Becoming a Regex Wizard with Komodo IDE's Rx Toolkit

Quick! Write a regular expression that matches an unbroken sequence of alphanumeric characters and underscores, but does not start with a digit.

Whoa, whoa, hold on. Wait a minute. If you are like me, you might be thinking "what an earth is a 'regular expression'?" I can think of a whole bunch of irregular expressions. What makes an expression "regular"?

It turns out those computer scientists have invented a whole new language for describing sequences of printable characters...and they call that language "regular expressions". For example, they have come up with the idea that [0-9]+ describes any positive integer number. They've also decided that cat|dog matches the word "cat" or the word "dog", but not "catdog", "dogcat", or "gadoct". They have even come up with the bizarre idea that [A-Z0-9._%+-]+@[A-Z0-9.-]+\.[A-Z]{2,} describes almost any one person's e-mail address.

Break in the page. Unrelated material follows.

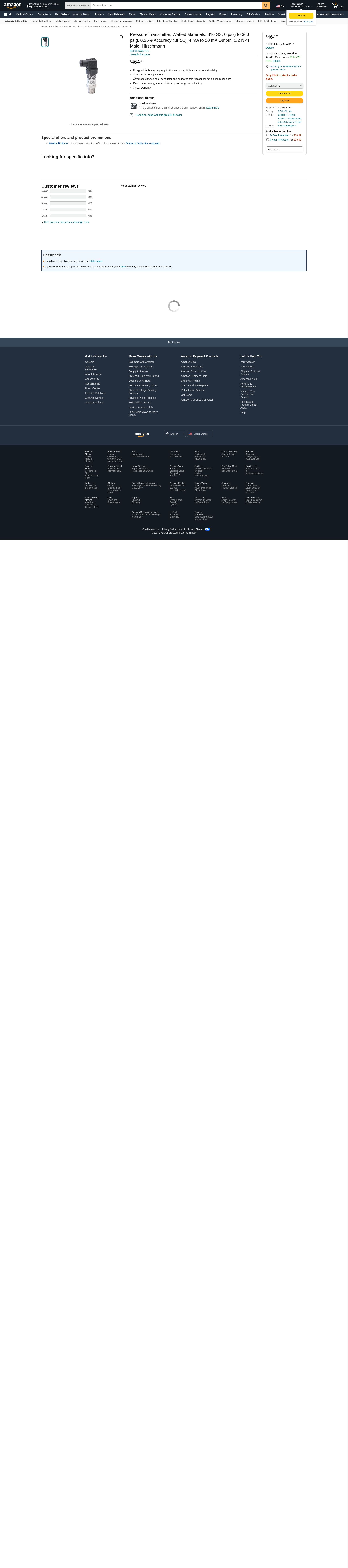 Pressure Transmitter, Wetted Materials: 316 SS, 0 psig to 300 psig, 0.25% Accuracy (BFSL), 4 mA to 20 mA Output, 1/2 NPT Male, Hirschmann

I don't know about you, but that is all Greek to me. Fortunately, Komodo IDE has just the right tool that speaks my language: Rx Toolkit. Even if you speak Greek, Rx Toolkit has exactly what you need to easily understand, write, and work with regular expressions, colloquially known as "regex".

Understanding Regexes

Let us take that last regex above, the one that supposedly matches e-mail addresses.

Regex Toolkit Komodo IDE

Well what do you know, it actually does work... I admit I did have to toggle the "case insensitive" flag over on the right of the window -- you will see it highlighted in blue. (Mousing over each options gives you the rundown on what it actually does.)

Whenever you have a regex that just does not make sense, throw it into Rx Toolkit along with some input, and the tool will help you decipher that Greek, like this doozy:

Regex Toolkit Komodo IDE

Writing Regexes

Okay, so Rx Toolkit can easily help verify that a regex works, but what about if gulp you actually have to write one?

The easiest way to get started is to go ahead and put the text you want to match against in the "Search Text" box. You can put multiple possibilities on multiple lines, as Rx Toolkit will match each line individually if you keep the "m" option turned off.

Let us consider the original question in this blog post, writing a regex that matches an "unbroken sequence of alphanumeric characters and underscores, but does not start with a digit".

Well I can think of a few character sequences that fit that criteria:

  • activestate
  • KomodoIDE_10_1
  • X

Let us put those in the "Search Text" box.

Now, where to begin with the regex? Well since we have been told that [0-9]+ matches the digits of a positive integer, we will try [A-Z]+ and see where that gets us.

Regex Toolkit Komodo IDE

Progress! Rx Toolkit shows us we got it at least partially right by highlighting each part of the matching input text and showing results in the bottom pane.

After a bit more tinkering, I think I managed to get something:

Regex Toolkit Komodo IDE

Awesome! All of the text highlights and the bottom pane shows success. Now we need to make sure we do not accidentally match character sequences that are not valid, like the number 11.

Regex Toolkit Komodo IDE

As you probably guessed, I got it wrong. After some more fiddling around I came up with this possible solution:

Regex Toolkit Komodo IDE

Thank you Rx Toolkit!

Working With Regexes

Even if you are already a regex wizard, juggling between the different regex implementations between programming languages can be tricky. Fortunately, Rx Toolkit supports Perl, Python, PHP, Ruby, JavaScript, and Tcl regex syntaxes. Write one regex, test for all languages right from Komodo! Just click on the little icon to the right of the "Regular Expression" input box to switch between implementations.

Conclusion

Komodo IDE's Rx Toolkit is your one-stop shop for understanding, writing, and working with regular expressions in real time. The ability to toggle between six major programming languages' regex implementations on-the-fly is incredibly powerful and useful. Whether you are a regex newbie or a seasoned veteran, this versatile tool is a must have in your developer arsenal.